Exercise:
Return the data below unchanged, without images.
START Material provided
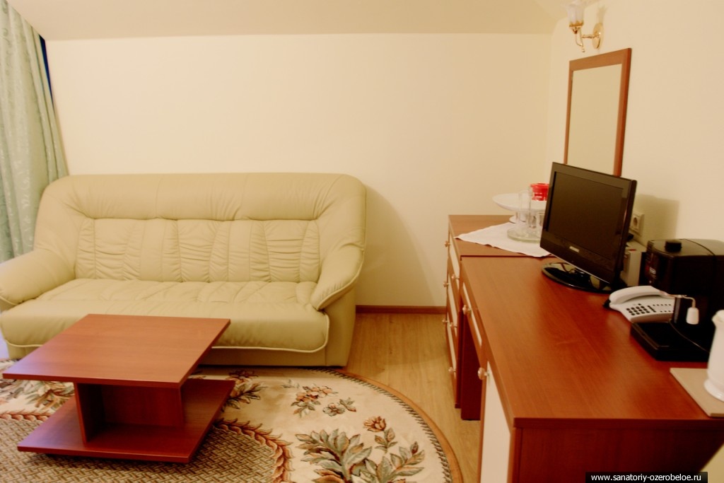 Размещение: Номерной фонд санатория (1233 места) расположен в двух жилых корпусах и коттеджном городке, представлен двухместными номерами со всеми удобствами, одноместными номерами, номерами категории «полулюкс», «люкс» и апартаментами.
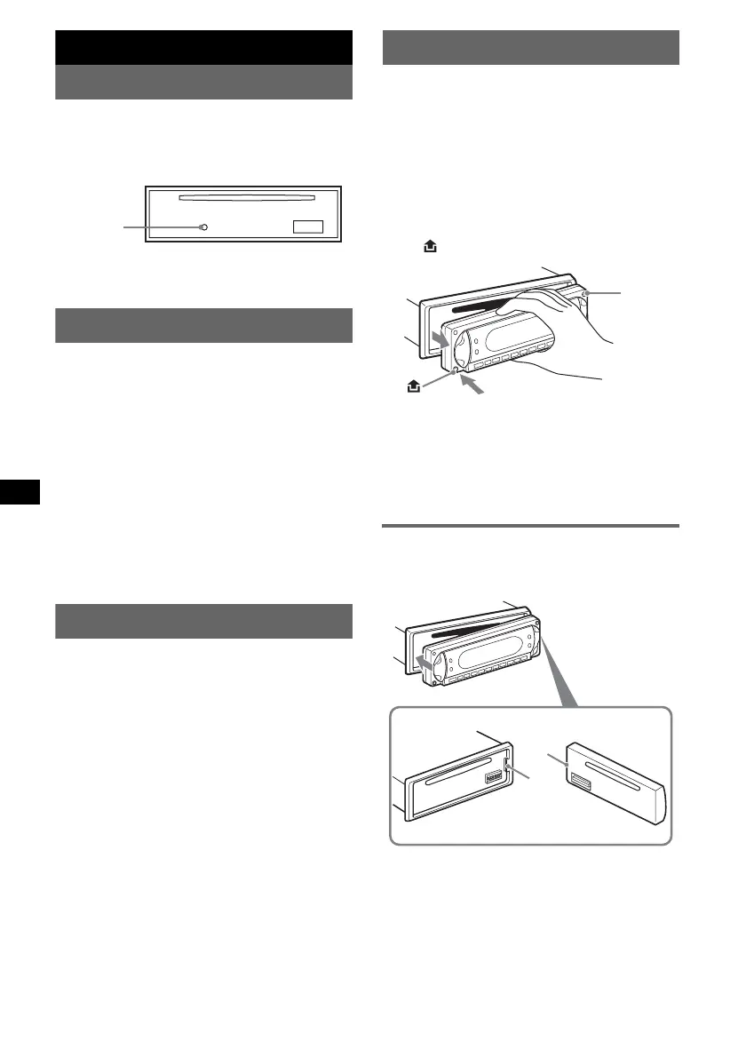 Sony CDX-R5810 - 開始使用之前 復原本機; 設定時鐘; Demo 模式; 拆卸前面板
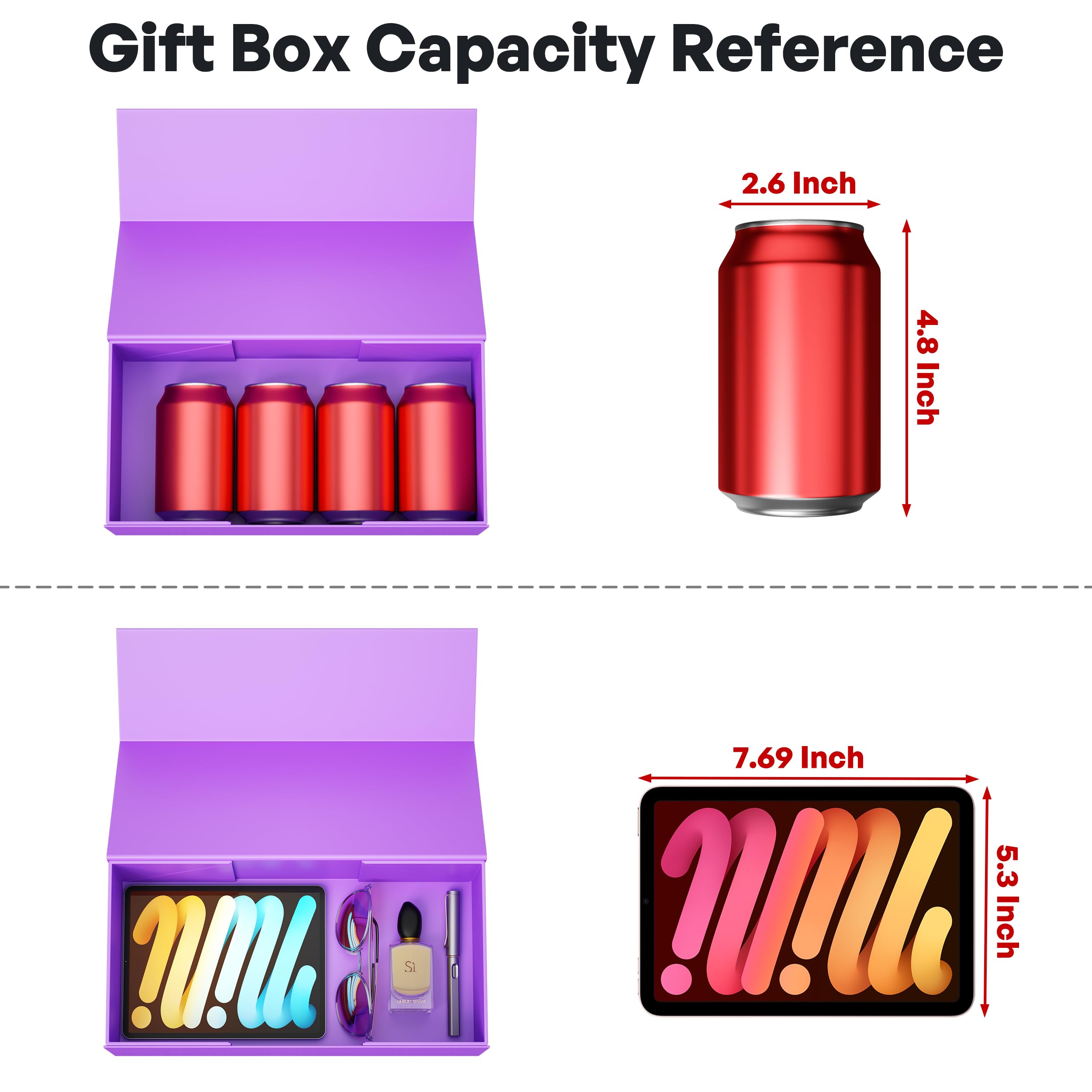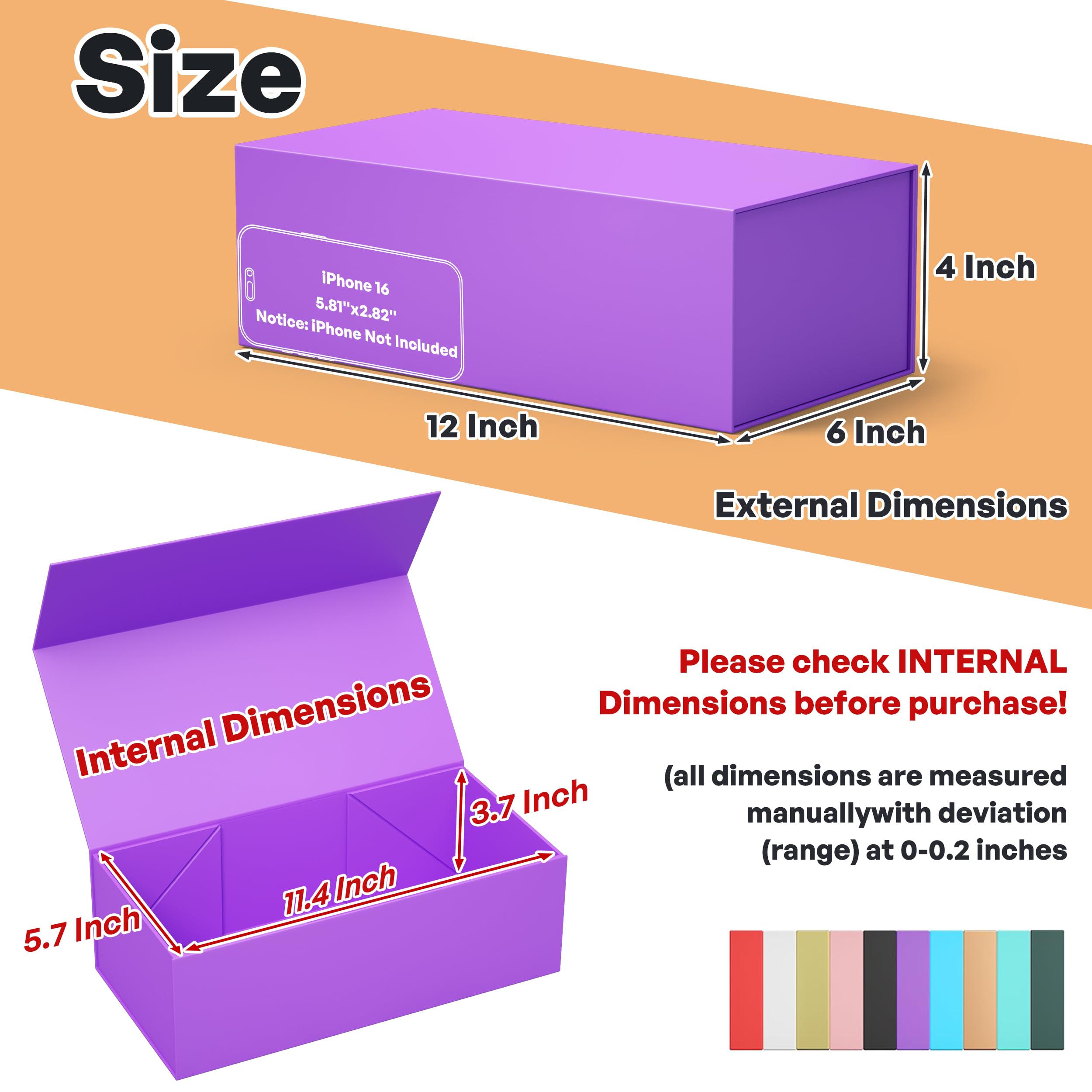 🎁SlZE - Gift boxes for presents External dimensiong 12x6x4 inches (Internaldimensions are 11.4x5.7x3.7 inches),Collapsible gift box can holdchocolates, candies, cosmetics, perfumes, jewelry, candles, cups, souvenirs orsmaller clothing accessories and more.(all dimensions are measured manuallywith deviation (range) at 0-0.2 inches)
END Material provided
Exercise response:
 Размещение: Номерной фонд санатория (1233 места) расположен в двух жилых корпусах и коттеджном городке, представлен двухместными номерами со всеми удобствами, одноместными номерами, номерами категории «полулюкс», «люкс» и апартаментами.
 Sony CDX-R5810 - 開始使用之前 復原本機; 設定時鐘; Demo 模式; 拆卸前面板
 🎁SlZE - Gift boxes for presents External dimensiong 12x6x4 inches (Internaldimensions are 11.4x5.7x3.7 inches),Collapsible gift box can holdchocolates, candies, cosmetics, perfumes, jewelry, candles, cups, souvenirs orsmaller clothing accessories and more.(all dimensions are measured manuallywith deviation (range) at 0-0.2 inches)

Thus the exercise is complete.